Would you return the lines that run from the start of the data below to the line with "In einer wunderschönen", both included, exactly as written and without pictures?

Collected material:
* * * * * * * * *

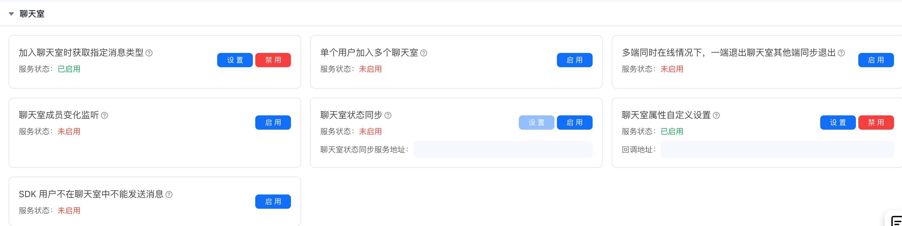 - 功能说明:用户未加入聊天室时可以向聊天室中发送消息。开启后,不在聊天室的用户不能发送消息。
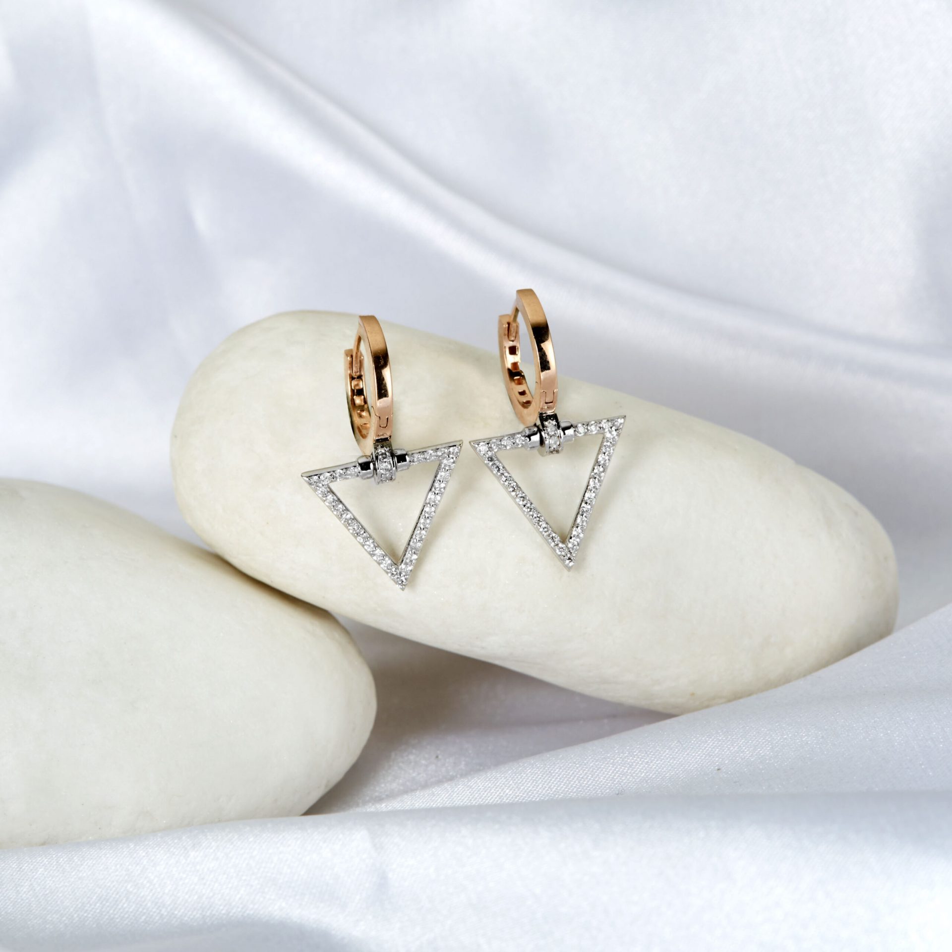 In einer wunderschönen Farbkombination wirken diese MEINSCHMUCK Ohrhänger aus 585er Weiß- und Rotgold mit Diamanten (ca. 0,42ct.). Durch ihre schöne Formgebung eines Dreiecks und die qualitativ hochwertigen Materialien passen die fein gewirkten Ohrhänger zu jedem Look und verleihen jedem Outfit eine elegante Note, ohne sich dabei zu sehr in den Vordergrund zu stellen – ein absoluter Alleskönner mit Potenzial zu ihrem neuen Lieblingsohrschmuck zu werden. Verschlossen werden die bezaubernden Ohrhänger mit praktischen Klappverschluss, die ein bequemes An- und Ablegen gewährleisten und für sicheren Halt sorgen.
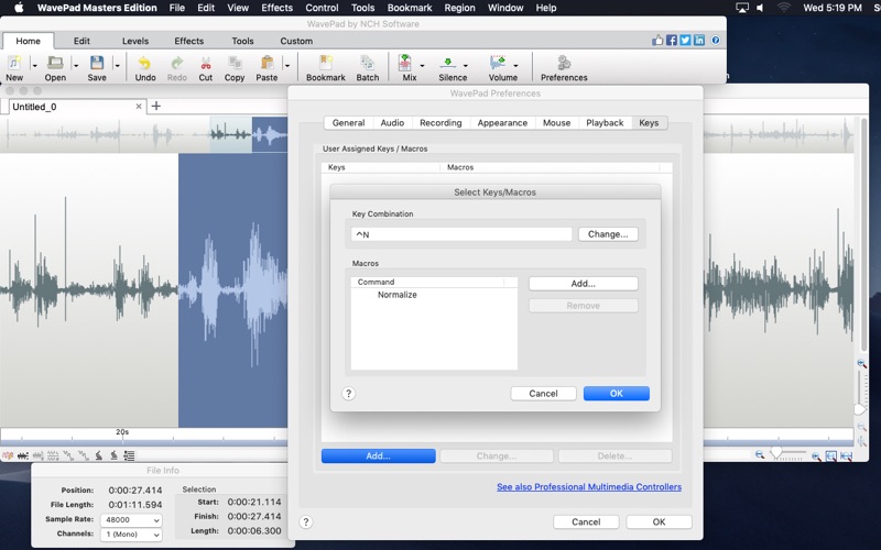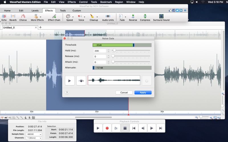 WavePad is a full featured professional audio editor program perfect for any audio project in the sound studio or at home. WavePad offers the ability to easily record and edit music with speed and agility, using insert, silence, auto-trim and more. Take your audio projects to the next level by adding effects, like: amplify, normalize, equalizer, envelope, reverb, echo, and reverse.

* * * * * * * * *

The answer:
 - 功能说明:用户未加入聊天室时可以向聊天室中发送消息。开启后,不在聊天室的用户不能发送消息。
 In einer wunderschönen Farbkombination wirken diese MEINSCHMUCK Ohrhänger aus 585er Weiß- und Rotgold mit Diamanten (ca. 0,42ct.). Durch ihre schöne Formgebung eines Dreiecks und die qualitativ hochwertigen Materialien passen die fein gewirkten Ohrhänger zu jedem Look und verleihen jedem Outfit eine elegante Note, ohne sich dabei zu sehr in den Vordergrund zu stellen – ein absoluter Alleskönner mit Potenzial zu ihrem neuen Lieblingsohrschmuck zu werden. Verschlossen werden die bezaubernden Ohrhänger mit praktischen Klappverschluss, die ein bequemes An- und Ablegen gewährleisten und für sicheren Halt sorgen.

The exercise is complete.